Segment Start: Extracted information

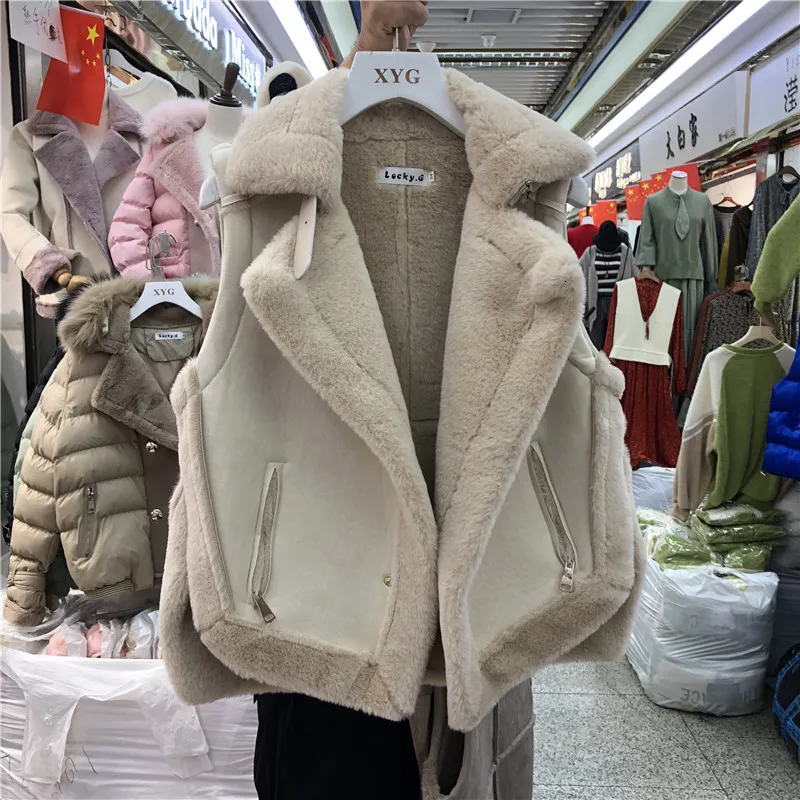 Осенне-зимний женский замшевый жилет из искусственного меха жилет из искусственной кожи на флисовой подкладке Женская мотоциклетная байкерская куртка без рукавов
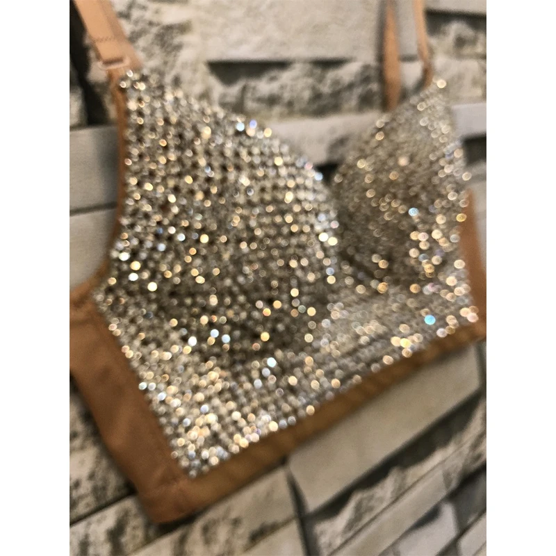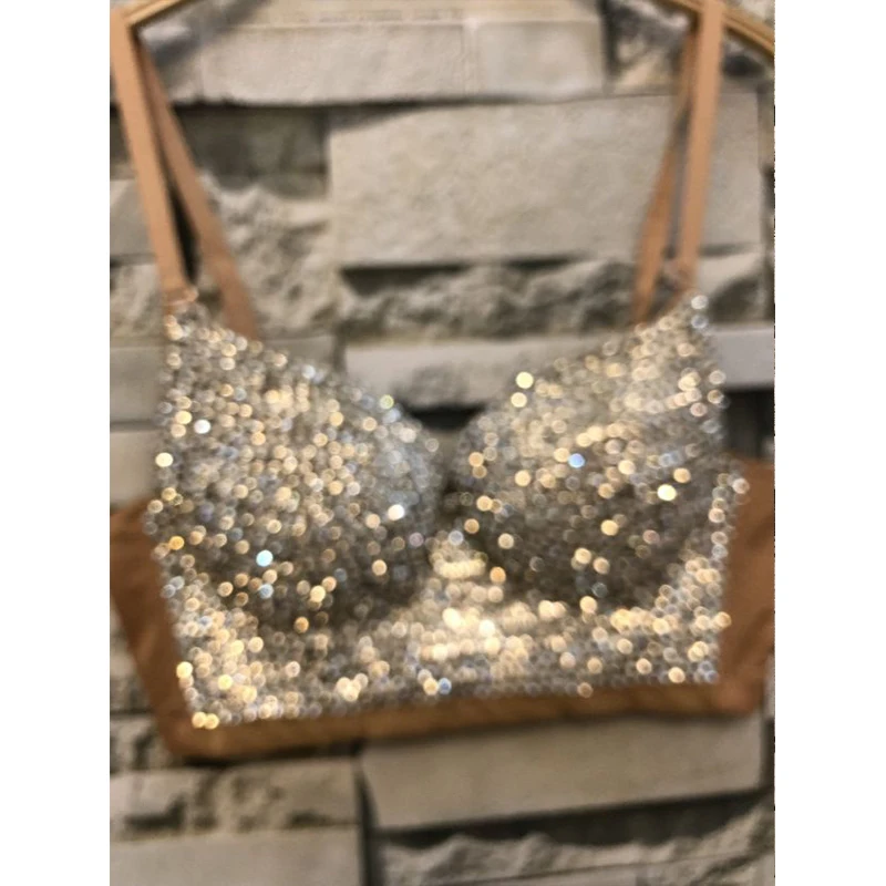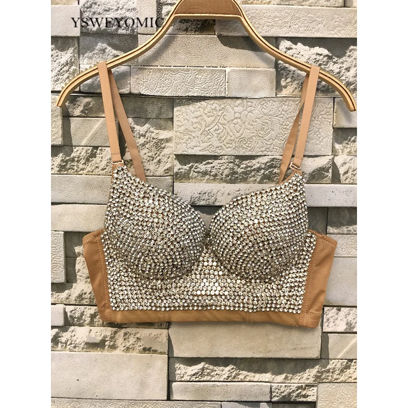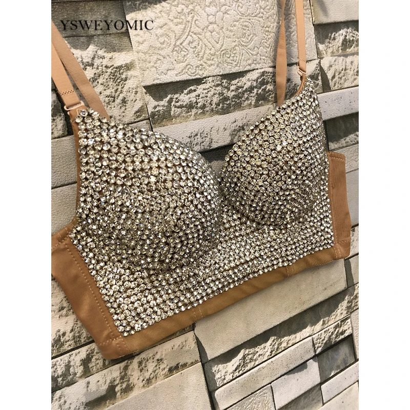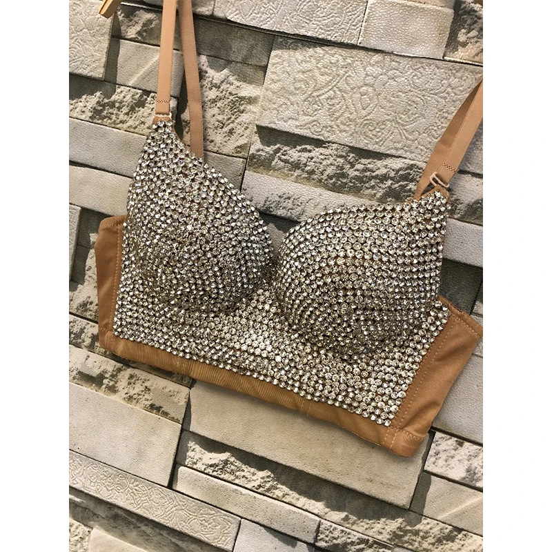 Топ-бюстгальтер 2020 к требованиям заказчика; Сверкающие; С украшением в виде кристаллов высокого качества телесного цвета для женщин, сексуальный бюстгальтер, набор Применение на сцене танца Bralet Топ D-003
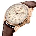 Pour créer sa collection moderne Premier, Breitling a conservé les signes distinctifs de l’ancienne collection, à savoir une lunette lisse fixe, un cadran à deux compteurs, des poussoirs rectangulaires épurés et les chiffres arabes. Le Premier B01 Chronograph 42 est disponible dans un large éventail de couleurs de cadran et de matériaux de boîtier. Il est proposé sur un bracelet en cuir d’alligator classique ou un bracelet élégant à 7 rangs en métal. Le modèle Premier actuel respecte également les normes techniques exigeantes de Willy Breitling avec son mouvement à remontage automatique exceptionnel – le calibre Manufacture Breitling 01 certifié COSC – conçu pour une précision, une fiabilité et une fonctionnalité maximales.
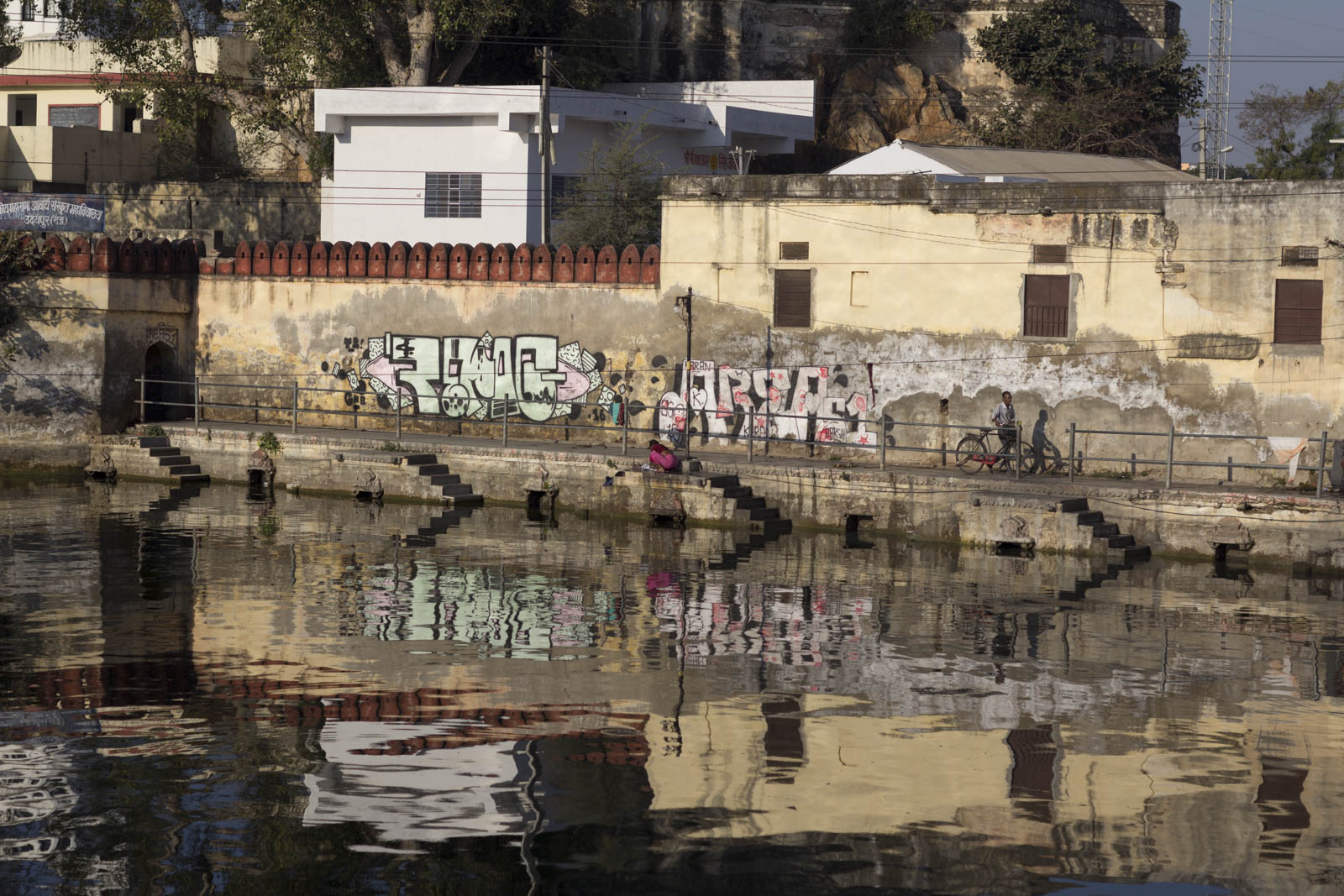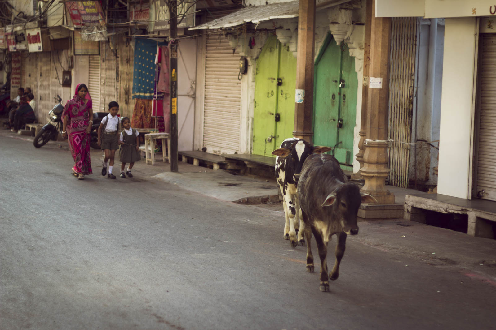 A l’aube, dans les ruelles escarpées de la ville, on observe avec beaucoup de curiosité les activités matinales des locaux. Des hommes se lavent dans les eaux du lac Pichola, des femmes viennent y faire leur lessive et des fidèles dispersent du grain pour nourrir vaches et pigeons.
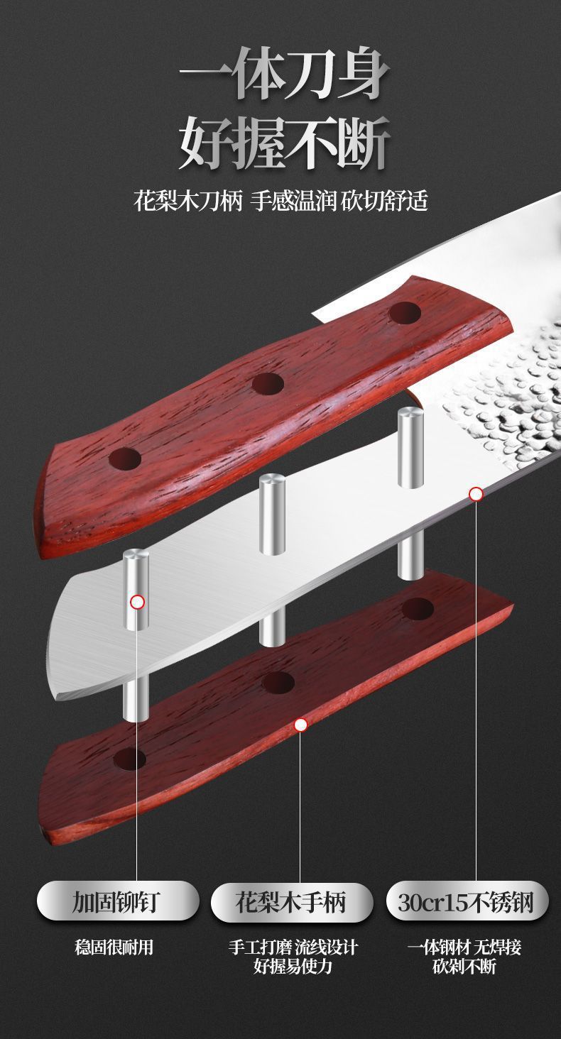 나무 손잡이 수제 주방 칼 가정용 주방 스테인레스 스틸 요리사 날카로운 위조 망치 슬라이스 주방 칼
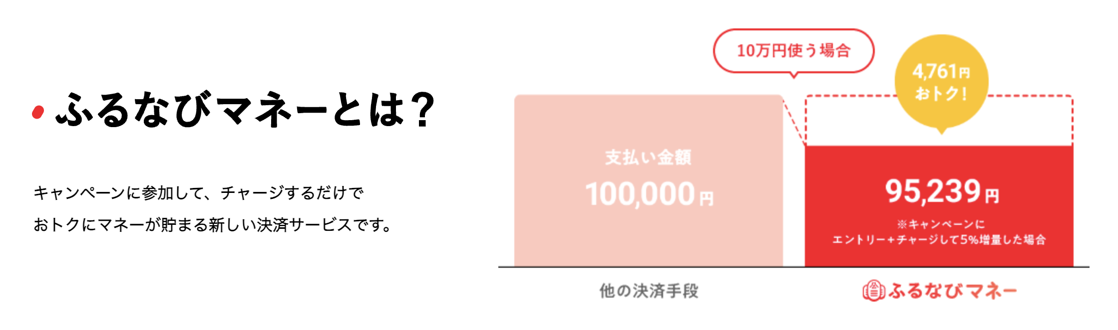 例えば、10万円のふるさと納税をするなら、95,239円のチャージでOKってことか😳
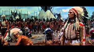 * “The treaty pen does not fit our hand as well as the arrow.” That sinking feeling: the opening admonition recalls Broken Arrow because co-writer Delmer Daves wrote & directed that 1950 success, which also showcased lovely Paget as a desire-stirring maiden. How much of this script was concocted by co-scenarist Leo Townsend we can’t say, but note he was the fella who later gave forth tribal essays Beach Blanket Bingo and How To Stuff A Wild Bikini. Though the Wyoming-lensed scenes used Fort Laramie, there’s a possibility the studio also employed some sets built five years earlier for another Fox epic, the ignored, much better Two Flags West. Diligent digging yields only the suspicion.

Segment End: Extracted information

> [What you need to do]: Go through the entries above and print each one exactly, minus the pictures.

> [Problem solution]:
 Осенне-зимний женский замшевый жилет из искусственного меха жилет из искусственной кожи на флисовой подкладке Женская мотоциклетная байкерская куртка без рукавов
 Топ-бюстгальтер 2020 к требованиям заказчика; Сверкающие; С украшением в виде кристаллов высокого качества телесного цвета для женщин, сексуальный бюстгальтер, набор Применение на сцене танца Bralet Топ D-003
 Pour créer sa collection moderne Premier, Breitling a conservé les signes distinctifs de l’ancienne collection, à savoir une lunette lisse fixe, un cadran à deux compteurs, des poussoirs rectangulaires épurés et les chiffres arabes. Le Premier B01 Chronograph 42 est disponible dans un large éventail de couleurs de cadran et de matériaux de boîtier. Il est proposé sur un bracelet en cuir d’alligator classique ou un bracelet élégant à 7 rangs en métal. Le modèle Premier actuel respecte également les normes techniques exigeantes de Willy Breitling avec son mouvement à remontage automatique exceptionnel – le calibre Manufacture Breitling 01 certifié COSC – conçu pour une précision, une fiabilité et une fonctionnalité maximales.
 A l’aube, dans les ruelles escarpées de la ville, on observe avec beaucoup de curiosité les activités matinales des locaux. Des hommes se lavent dans les eaux du lac Pichola, des femmes viennent y faire leur lessive et des fidèles dispersent du grain pour nourrir vaches et pigeons.
 나무 손잡이 수제 주방 칼 가정용 주방 스테인레스 스틸 요리사 날카로운 위조 망치 슬라이스 주방 칼
 例えば、10万円のふるさと納税をするなら、95,239円のチャージでOKってことか😳
 * “The treaty pen does not fit our hand as well as the arrow.” That sinking feeling: the opening admonition recalls Broken Arrow because co-writer Delmer Daves wrote & directed that 1950 success, which also showcased lovely Paget as a desire-stirring maiden. How much of this script was concocted by co-scenarist Leo Townsend we can’t say, but note he was the fella who later gave forth tribal essays Beach Blanket Bingo and How To Stuff A Wild Bikini. Though the Wyoming-lensed scenes used Fort Laramie, there’s a possibility the studio also employed some sets built five years earlier for another Fox epic, the ignored, much better Two Flags West. Diligent digging yields only the suspicion.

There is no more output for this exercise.